London, United Kingdom – The theories have spread almost as fast as the new coronavirus: Chloroquine is a proven cure, children are immune and 5G caused the pandemic.
From the seemingly plausible to the predictably untrue, fake news about COVID-19, the disease caused by the virus, is flooding the internet as we scramble to make sense of a crisis that has wrought havoc around the world.
Unchecked, this so-called “infodemic” threatens to hamper the world’s collective best efforts to curtail the coronavirus, which has killed more than 115,000 people in a little more than 100 days since news of its emergence in Wuhan, China, consumed the world’s media.
“Were we to view this [pandemic] as a conflict, then we could talk about two fronts,” Carl Miller, research director of the Centre for the Analysis of Social Media at United Kingdom-based think-tank Demos, told Al Jazeera.
‘So much misinformation’
While millions of us remain cooped up in our homes under strict lockdown laws, on WhatsApp, Facebook, YouTube and elsewhere, a range of bogus stories and half-baked conspiracy theories concerning COVID-19 have gained considerable global momentum.
“The first is the public health reaction, and the second front are the waves of social and political chaos that have been caused by the virus and our response to it – this is a key battle on that front.”
In the UK alone, nearly half of all adults have been exposed to false claims or misleading information online about the virus, according to research published last week by the country’s media watchdog, Ofcom.
Some 35 percent have seen claims that drinking more water can help flush out the disease, for example, while around a quarter have seen advice suggesting the infection can be treated by gargling salt water – both of which have been rubbished by the World Health Organisation and contradict UK public health guidelines.

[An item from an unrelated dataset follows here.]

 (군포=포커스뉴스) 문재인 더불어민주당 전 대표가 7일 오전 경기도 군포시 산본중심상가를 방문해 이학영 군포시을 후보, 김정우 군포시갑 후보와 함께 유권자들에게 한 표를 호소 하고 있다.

Among those to have personally witnessed the pernicious advance of misinformation is Ahmed Aweis, a business owner in London, itself the epicentre of Britain’s coronavirus caseload.

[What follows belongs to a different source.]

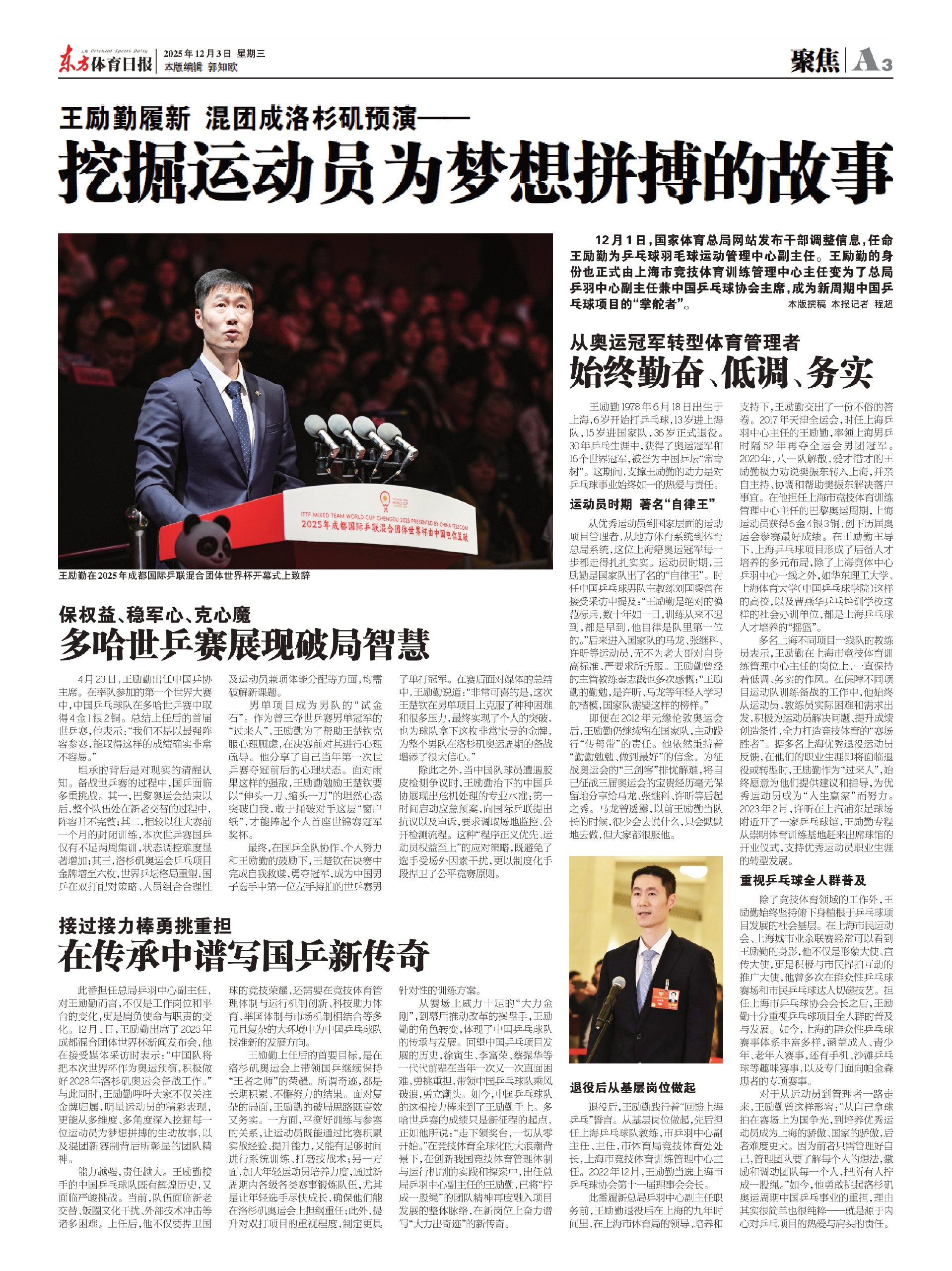 此番担任总局乒羽中心副主任,对王励勤而言,不仅是工作岗位和平台的变化,更是肩负使命与职责的变化。12月1日,王励勤出席了2025年成都混合团体世界杯新闻发布会,他在接受媒体采访时表示:“中国队将把本次世界杯作为奥运预演,积极做好2028年洛杉矶奥运会备战工作。”与此同时,王励勤呼吁大家不仅关注金牌归属,明星运动员的精彩表现,更能从多维度、多角度深入挖掘每一位运动员为梦想拼搏的生动故事,以及混团新赛制背后所彰显的团队精神。

For weeks, he has seen fake news spread freely on WhatsApp and Facebook.
Towards the end of March, Aweis said, up to 25 videos a day spouting mistruths were being shared across a handful of his online groups of friends and relatives – all while COVID-19 tightened its grip on swathes of Western Europe.
Despite his best efforts to rebut the claims, “everybody was just sharing stuff left, right and centre”, he said, including content that purportedly proved coronavirus was man-made, or caused by the rollout of 5G mobile technology.
“It was frightening and infuriating because you know this information is false, but the people who are sharing it have the confidence this will help or save humanity – and other people pick up on that,” Aweis told Al Jazeera.
“I am very, very worried; there is so much misinformation being spouted around.”